A Phase I, Open-label, Dose-escalation, Safety, Pharmacokinetic, and Pharmacodynamic Study of Intravenously Administered ATI-1123, a Liposomal Docetaxel Formulation, on an Every 3 Week Schedule, in Patients With Advanced Solid Tumors

The majority of advanced stage human cancers are fatal if not treated promptly and
aggressively. Standard treatments include chemotherapy, radiation therapy and surgery.
Docetaxel, the active ingredient in ATI-1123 and the FDA approved drug Taxotere, is a
chemotherapy given by IV to patients to treat various types of cancers.

Docetaxel is a poorly water soluble semi-synthetic taxane analog commonly used in the
treatment of a variety of solid tumors including non-small cell lung, prostate, breast,
gastric and head and neck cancer. Because of its poor water solubility it is formulated with
co-solvents that can potentially contribute to treatment related adverse events such as
hypersensitivity. Current taxane formulations often complicate drug delivery and can alter
both pharmacokinetic and toxicity profiles.
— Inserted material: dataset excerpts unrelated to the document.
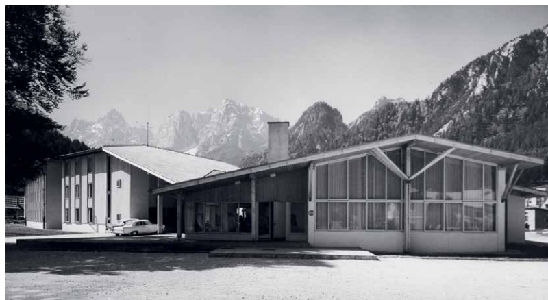
Hotel Prisank, Kranjska Gora, 1961–63, arh. Janez Lajovic
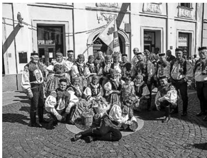
Slavnosti vína v Uh. Hradišti - účastníci z Vlčnova
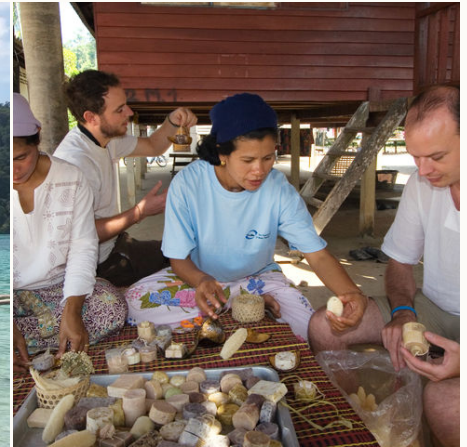
Dorfbewohner und Touristen erstellen gemeinsam Seife, Thailand
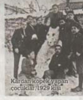
Kardan köpek yapan çocukları 1929 kış
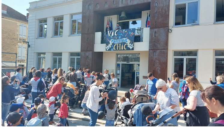
Pentecôtavic 2023 : les tout-petits ouvrent les festivités !
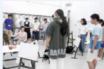
デモンストレーション

各課題についての内容や制作ポイント、必要な用具画材などについての説明や解説を初回授業時におこないます。課題によっては内容に合わせたゼミをおこない制作に必要な専門知識をはじめ、技術的内容までを分かりやすく解説します。
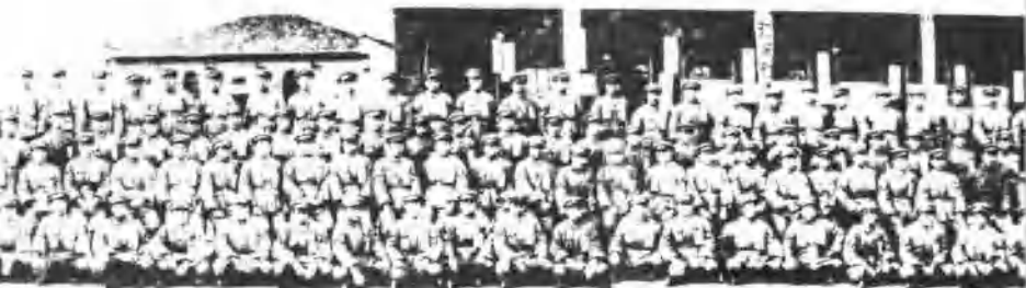
總隊政女大生全體攝影

1925年至1927年武汉市妇协、湖北省妇协编 印的机关刊物《武汉妇女》、《湖北妇女》。
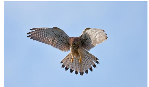
Abb. 1: Rüttelnder Turmfalke (Weibchen oder Jungtier)

Der Turmfalke ist eine Falkenart mit relativ langen Flügeln und langem Schwanz. Die Flügelbasis ist recht schmal, er hat eine gespreizte Flügelspitze, die eher stumpf ist. Er rüttelt häufig mit schnellen, flachen Flügelschlägen und hängendem, gefächertem Schwanz. Im Vergleich zu anderen Falkenarten hat er einen schnellen, lockeren Flug.
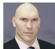
НИКОЛАЙ ВАЛУЕВ ПЕРВЫЙ ЗАМЕСТИТЕЛЬ ПРЕДСЕДАТЕЛЯ КОМИТЕТА ГОСДУМЫ ПО ЭКОЛОГИИ И ОХРАНЕ ОКРУЖАЮЩЕЙ СРЕДЫ

навлять. К примеру, недавно в Кемерове купили искусственное дерево за 18 миллионов рублей. Там подсчитали, что елка прослужит 20 лет, и в итоге это выйдет дешевле, чем каждый год покупать натуральную. Именно в деньги упирается решение местных властей. У кого-то есть средства на дорогую искусственную ель, у кого-то их нет. Обязывать местные власти закупать только искусственные деревья так же странно, как заставлять это делать обычных граждан. В малых городах существует практика, при которой ели выращивают на центральных площадях, они там стоят годами. Это самый выгодный вариант — натуральная ель, которую достаточно просто нарядить к празднику.
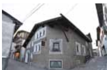
APPARTAMENTI Chalet Cotril BORMIO Via Dante, 6 Tel. (+39) 335 35 53 68
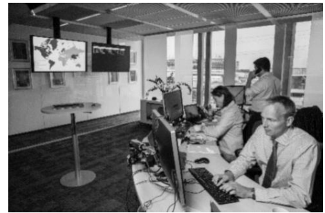
Plateau d'assistance médicale et sécuritaire.

Results from nonclinical evaluations show that ATI-1123 retains the antineoplastic activity
of docetaxel while removing the need for unwanted solvents like Tween 80. The
administration of ATI-1123 versus other docetaxel chemotherapy formulations is expected to
reduce hypersensitivity reactions (redness, swelling, itching at the infusion site),
eliminate the requirement for premedications, have a broader therapeutic index, and enhance
systemic docetaxel exposure.

Inclusion Criteria:

- Understand and sign a written IRB-approved informed consent form.

- Have a histologically confirmed solid tumor.

- Have progressive disease following standard/approved chemotherapy or have no
appropriate alternative therapy available.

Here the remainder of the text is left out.